## TASK REQUIREMENTS
Please return the data word for word and leave out any picture it contains.

## RECORDS PROVIDED

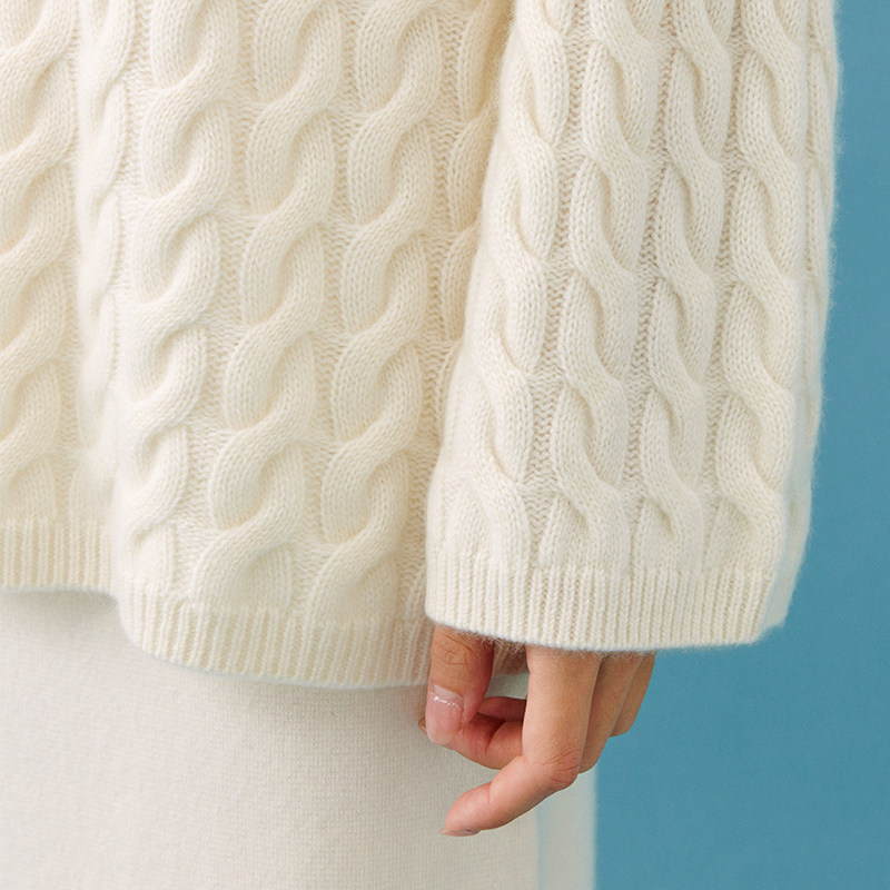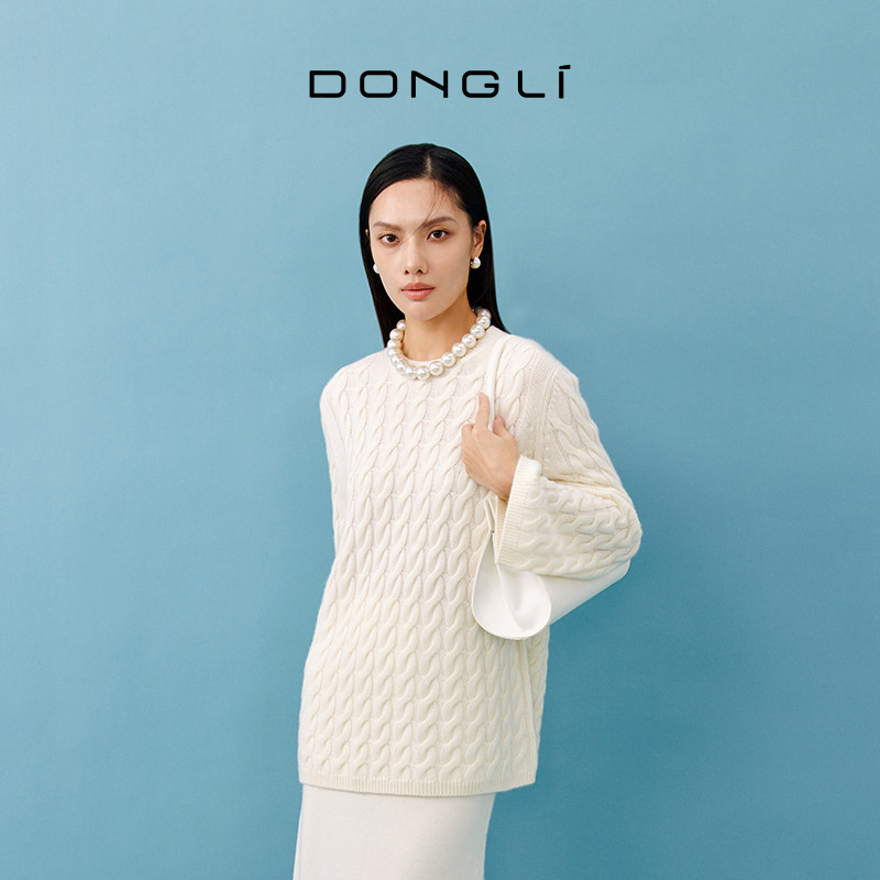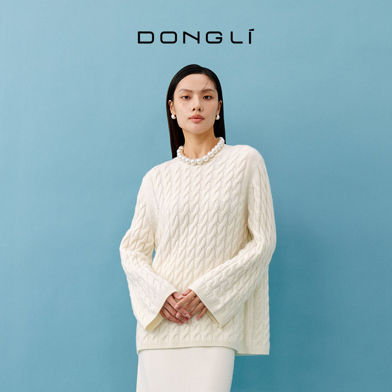 天猫东黎 山羊绒 秀场联名款-秋冬风尚 女士绞花针织套衫宽松时尚4255
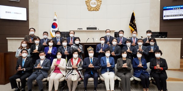 용인시의회(의장 이건한)는 27일 본회의장에서 코로나19 극복을 위해 헌신하는 의료진에게 감사와 응원의 메시지를 전달하는 ‘덕분에 챌린지’에 동참했다. 이날 이건한 의장과 남홍숙 부의장 등 의원들이 참석한 가운데 덕분에 챌린지 수어 동작을 하며 의료진에게 존경과 감사의 메시지를 전…
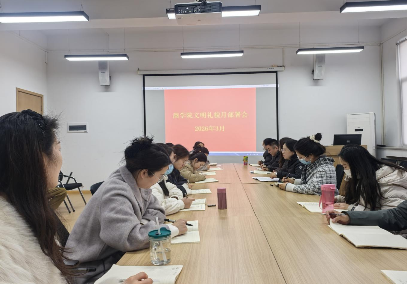 为深入推进校园文明建设,引导学生涵养文明素养、塑造良好行为风尚,3月17日下午,商学院在2号教学楼315会议室召开文明礼貌月活动部署会。学院党委副书记郗艳花及全体辅导员参加会议。
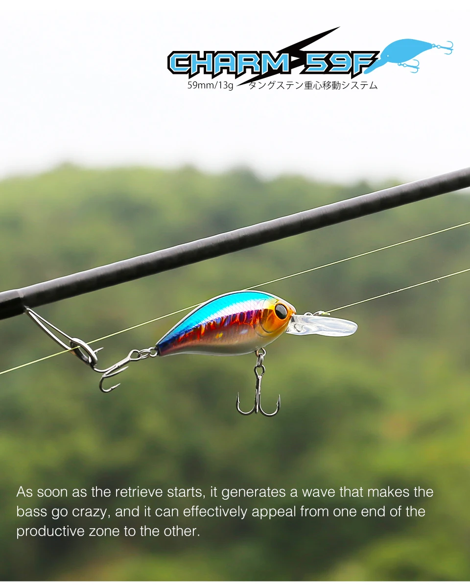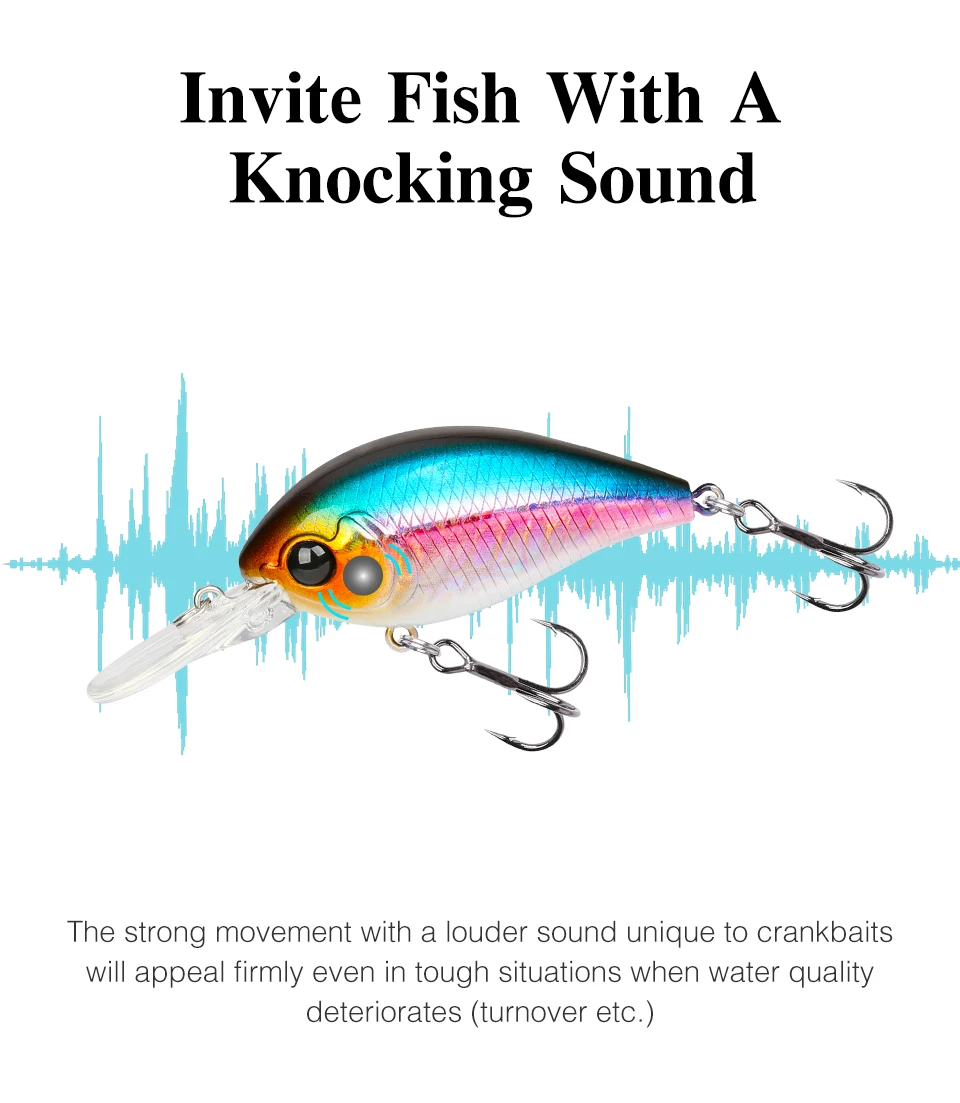 El fuerte movimiento con un sonido más fuerte, exclusivo de los crankbaits atraerá firmemente incluso en situaciones difíciles cuando la calidad del agua se deteriora (girar, etc.)
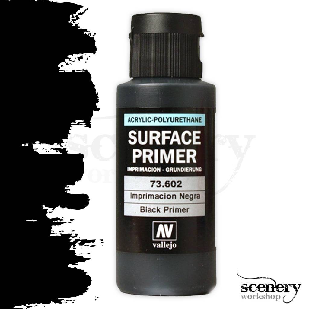 Vallejo Surface Primer Black (60ml. 73602) is een zwarte grondverf op polyurethaan waterbasis. Deze grondverf kan direct gebruikt worden of gemixed worden met bijvoorbeeld mediums of vernissen. De grondverf nivelleert zichzelf en droogt mat en hard op, waarbij het de details bewaard. Perfect voor plastic, resin en metalen en kan heel goed gebruikt worden in combinatie met Airbrush. Surface Primer kan eenvoudig gereinigd worden met water. Bij hardnekkig vuil adviseren we Airbrush Cleaner.
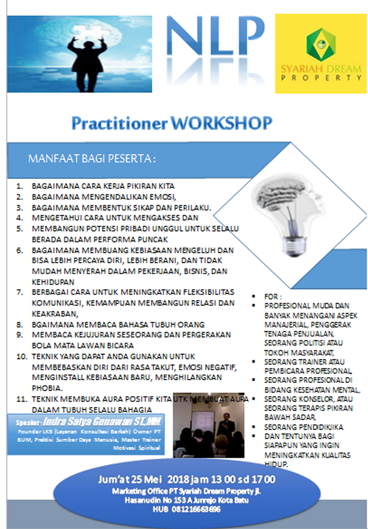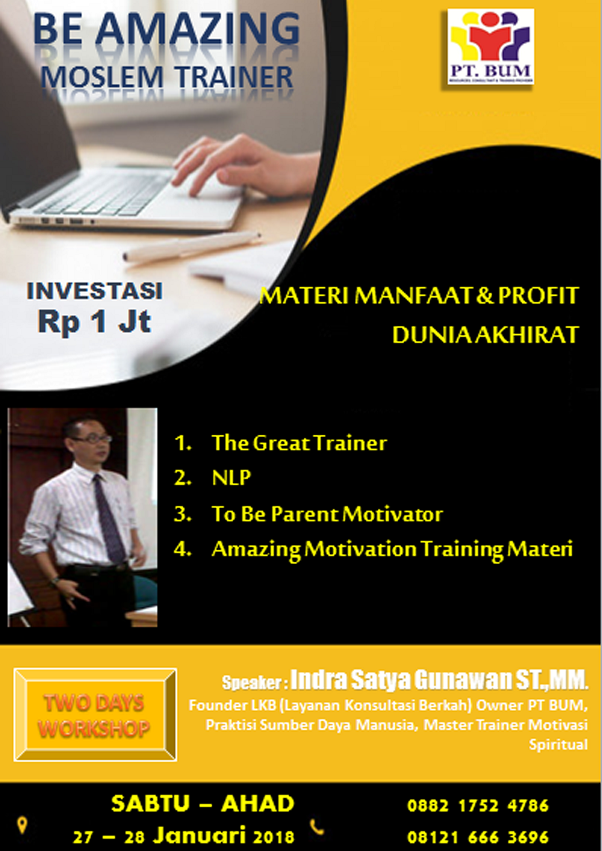 Trainer : Indra Satya Gunawan ST.,MM. (Founder LKB (Layanan Konsultasi Berkah) Owner PT BUM, Praktisi Sumber Daya Manusia, Master Trainer Motivasi Spiritual)
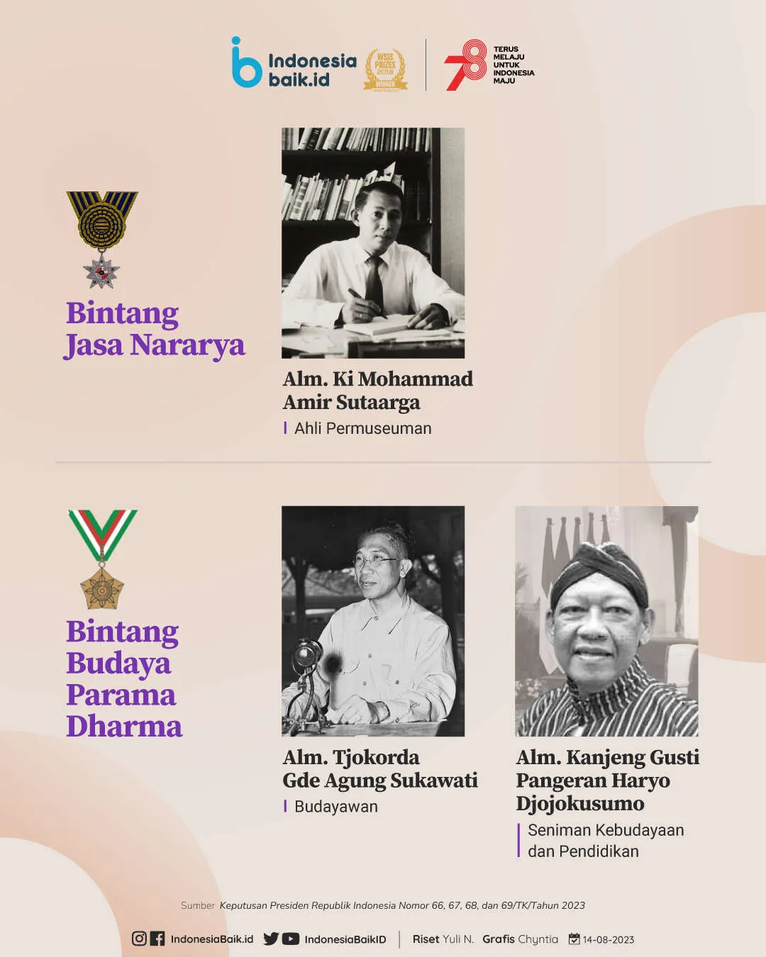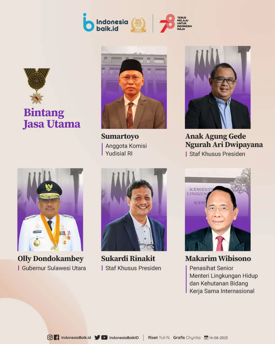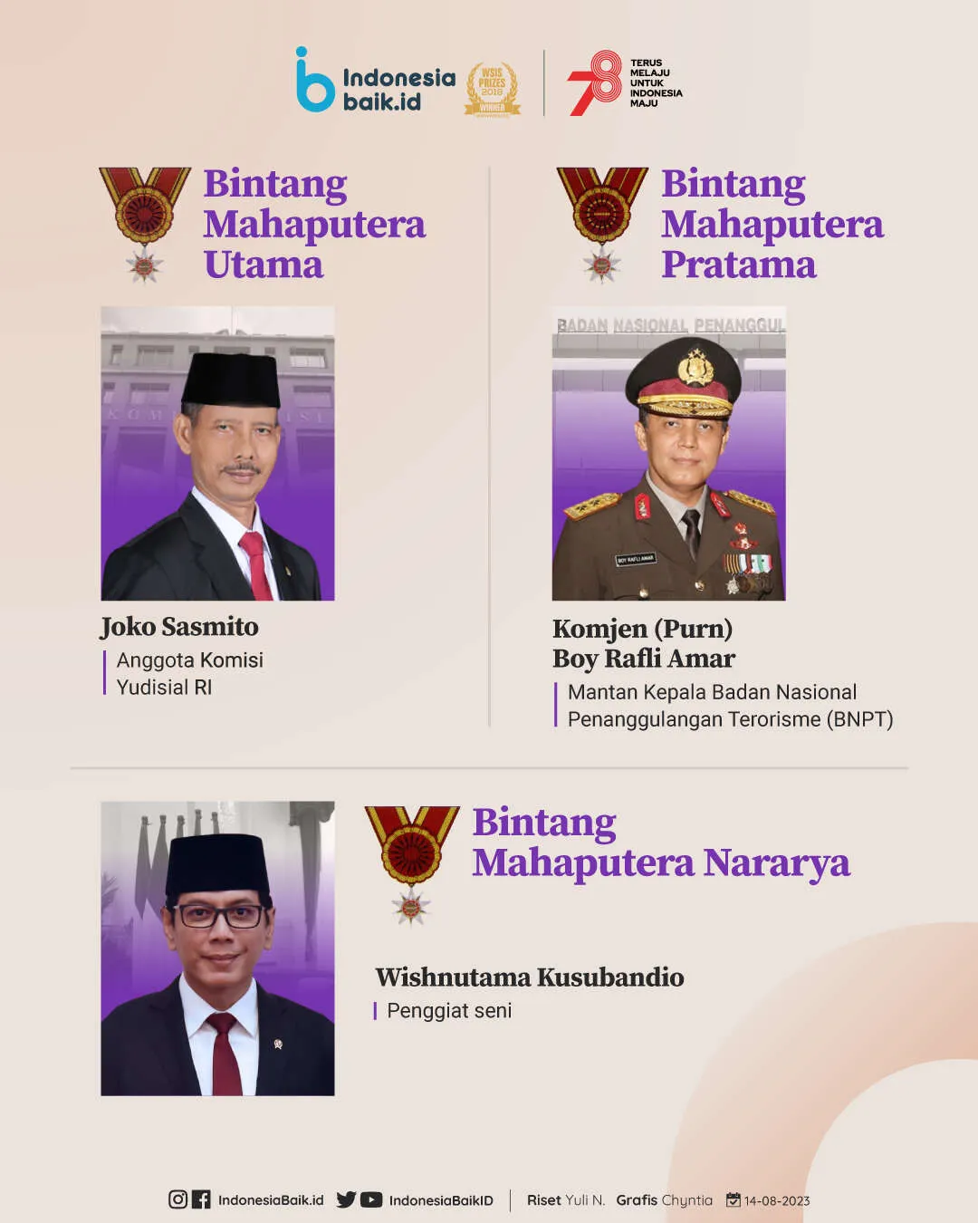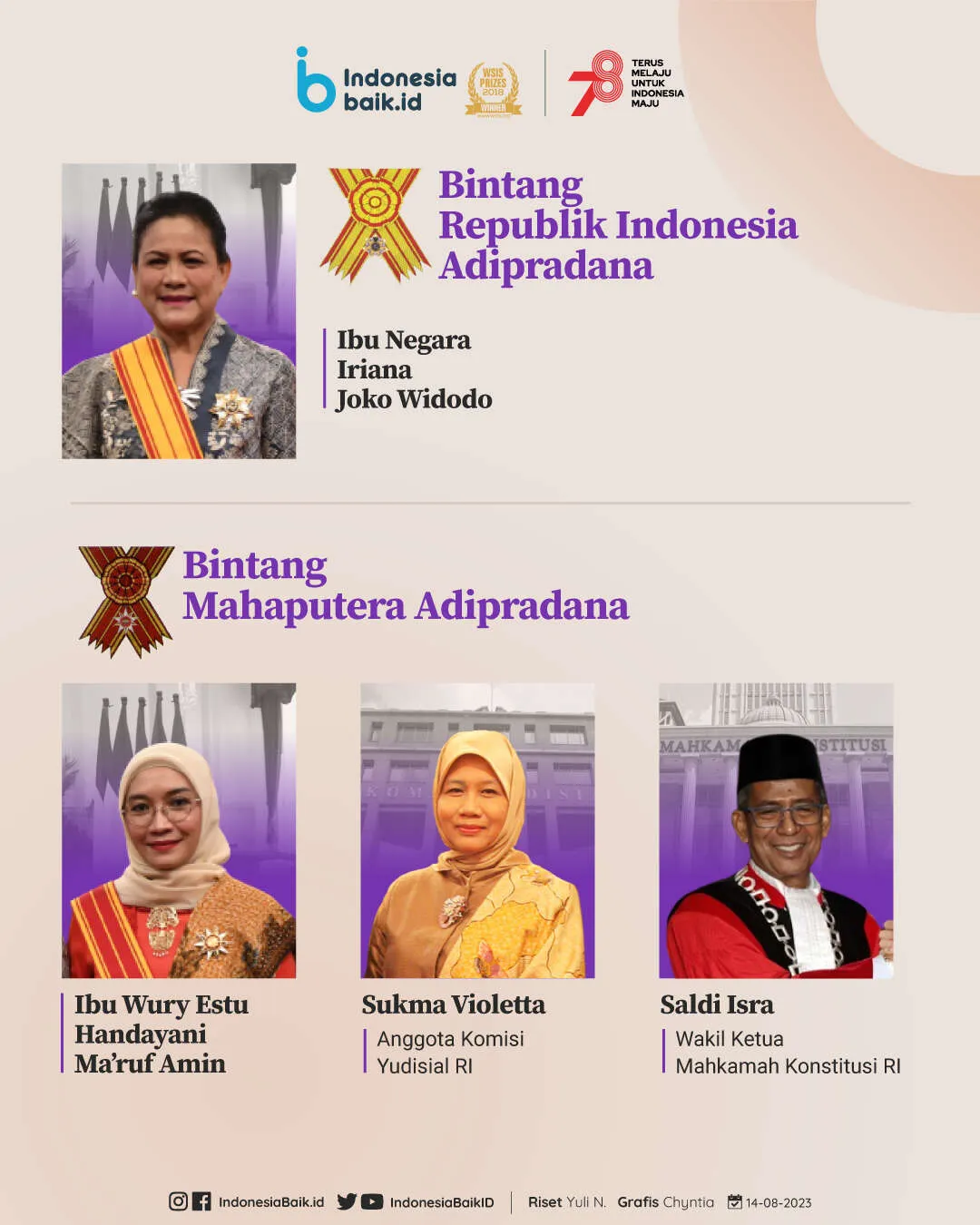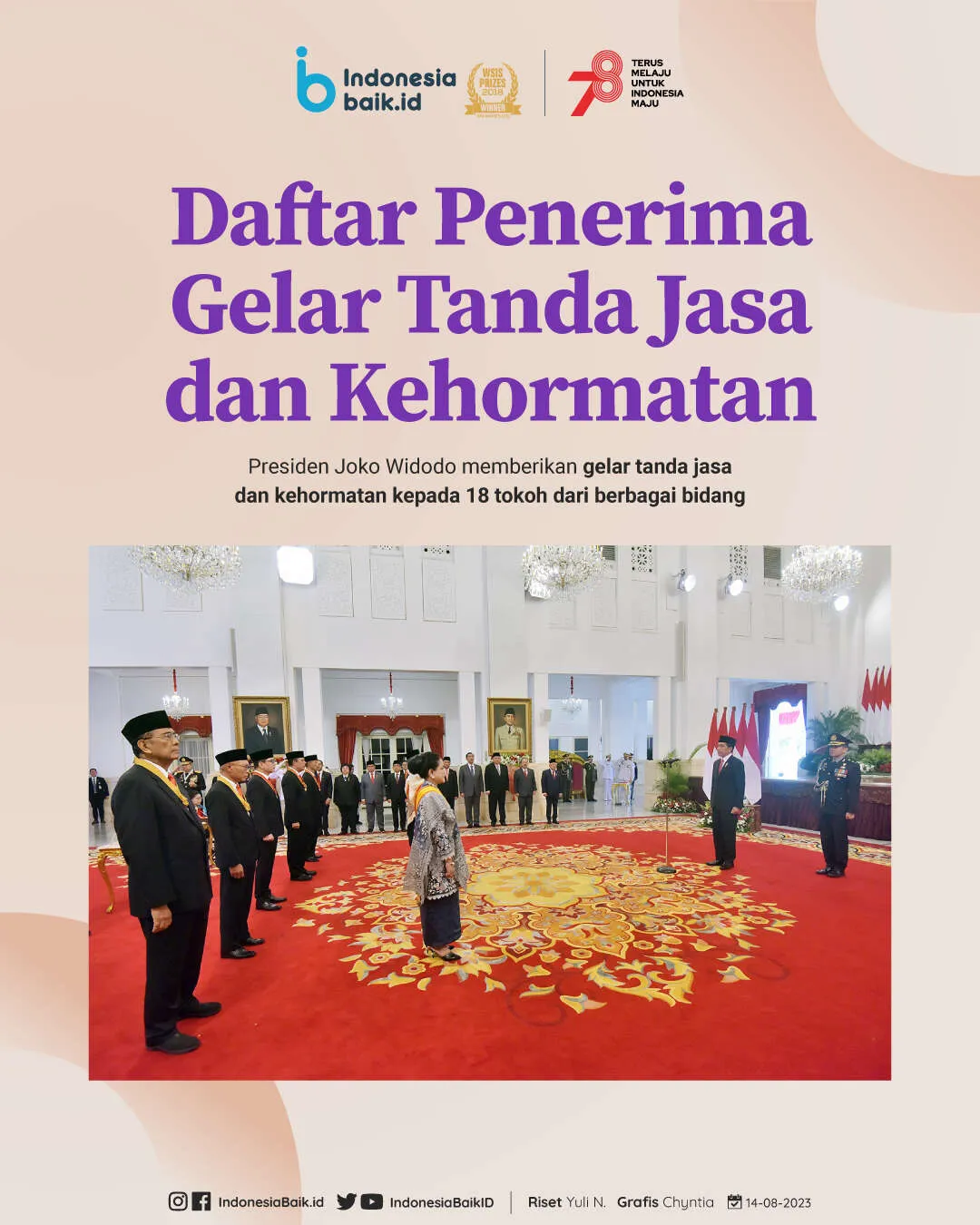 Indonesiabaik.id - Presiden Joko Widodo (Jokowi) menganugerahkan tanda jasa dan kehormatan Republik Indonesia dalam rangka menyambut HUT ke-78 Republik Indonesia.

## FINISHED TASK
 天猫东黎 山羊绒 秀场联名款-秋冬风尚 女士绞花针织套衫宽松时尚4255
 용인시의회(의장 이건한)는 27일 본회의장에서 코로나19 극복을 위해 헌신하는 의료진에게 감사와 응원의 메시지를 전달하는 ‘덕분에 챌린지’에 동참했다. 이날 이건한 의장과 남홍숙 부의장 등 의원들이 참석한 가운데 덕분에 챌린지 수어 동작을 하며 의료진에게 존경과 감사의 메시지를 전…
 为深入推进校园文明建设,引导学生涵养文明素养、塑造良好行为风尚,3月17日下午,商学院在2号教学楼315会议室召开文明礼貌月活动部署会。学院党委副书记郗艳花及全体辅导员参加会议。
 El fuerte movimiento con un sonido más fuerte, exclusivo de los crankbaits atraerá firmemente incluso en situaciones difíciles cuando la calidad del agua se deteriora (girar, etc.)
 Vallejo Surface Primer Black (60ml. 73602) is een zwarte grondverf op polyurethaan waterbasis. Deze grondverf kan direct gebruikt worden of gemixed worden met bijvoorbeeld mediums of vernissen. De grondverf nivelleert zichzelf en droogt mat en hard op, waarbij het de details bewaard. Perfect voor plastic, resin en metalen en kan heel goed gebruikt worden in combinatie met Airbrush. Surface Primer kan eenvoudig gereinigd worden met water. Bij hardnekkig vuil adviseren we Airbrush Cleaner.
 Trainer : Indra Satya Gunawan ST.,MM. (Founder LKB (Layanan Konsultasi Berkah) Owner PT BUM, Praktisi Sumber Daya Manusia, Master Trainer Motivasi Spiritual)
 Indonesiabaik.id - Presiden Joko Widodo (Jokowi) menganugerahkan tanda jasa dan kehormatan Republik Indonesia dalam rangka menyambut HUT ke-78 Republik Indonesia.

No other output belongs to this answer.